Data needs to be a DataFrame that at least contains the columns: Open Close High Low Volume
It plots candles and optionally volume, but can plot any list of pandas series with indicators (float values) with same index.
Indicators will be plotted below the candles in subplots according to a row position number, counting 1 as overlay in the candles subplot and the rest in row subplots. Several indicators can be plotted in the same row to overlay between them and compare.
Note
Beware of zeros or values in a different scale when plotting overlapped over candles, that can break the scale of the graph.
- Parameters:
data (pd.DataFrame) – a DataFrame that at least contains the columns: Open Close High Low Volume
indicators_series (list or pd.DataFrame) – a list of pandas series with float values as indicators.

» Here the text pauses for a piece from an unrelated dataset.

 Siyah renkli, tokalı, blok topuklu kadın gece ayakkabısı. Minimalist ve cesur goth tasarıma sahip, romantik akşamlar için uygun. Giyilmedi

rows_pos (list) – 1 means over the candles. Other numbers mean subsequent subplots under the candles.
indicator_names (list) – Names to show in the plot. Defaults to series name.

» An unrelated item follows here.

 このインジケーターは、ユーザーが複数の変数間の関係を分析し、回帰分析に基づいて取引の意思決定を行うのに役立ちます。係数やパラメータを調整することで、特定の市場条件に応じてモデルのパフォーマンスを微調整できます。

indicators_colors (list) –
Color can be forced to anyone from the plotly colors list.
indicators_color_filled (list or dict) – Color can be forced to fill to zero line. Is a list of Nones for each indicator in indicator list or a fillcolor. For transparent colors use rgba string code to define color. Example for transparent green ‘rgba(26,150,65,0.5)’ or transparent red ‘rgba(204,0,0,0.5)’. It can be a dictionary with each indicator column name and fill color.
indicators_filled_mode (dict) – A dict with filled areas for plotting.
axis_groups (dict) – A dict with named groups for indicators, useful for plotting filled areas using tonexty fill mode.
plot_splitted_serie_couple (dict) – A dict with splitted data for multiple colours when filling areas using tonexty.
width (int) – Plot sizing
height (int) – Plot sizing
range_slider (bool) – For the volume plot.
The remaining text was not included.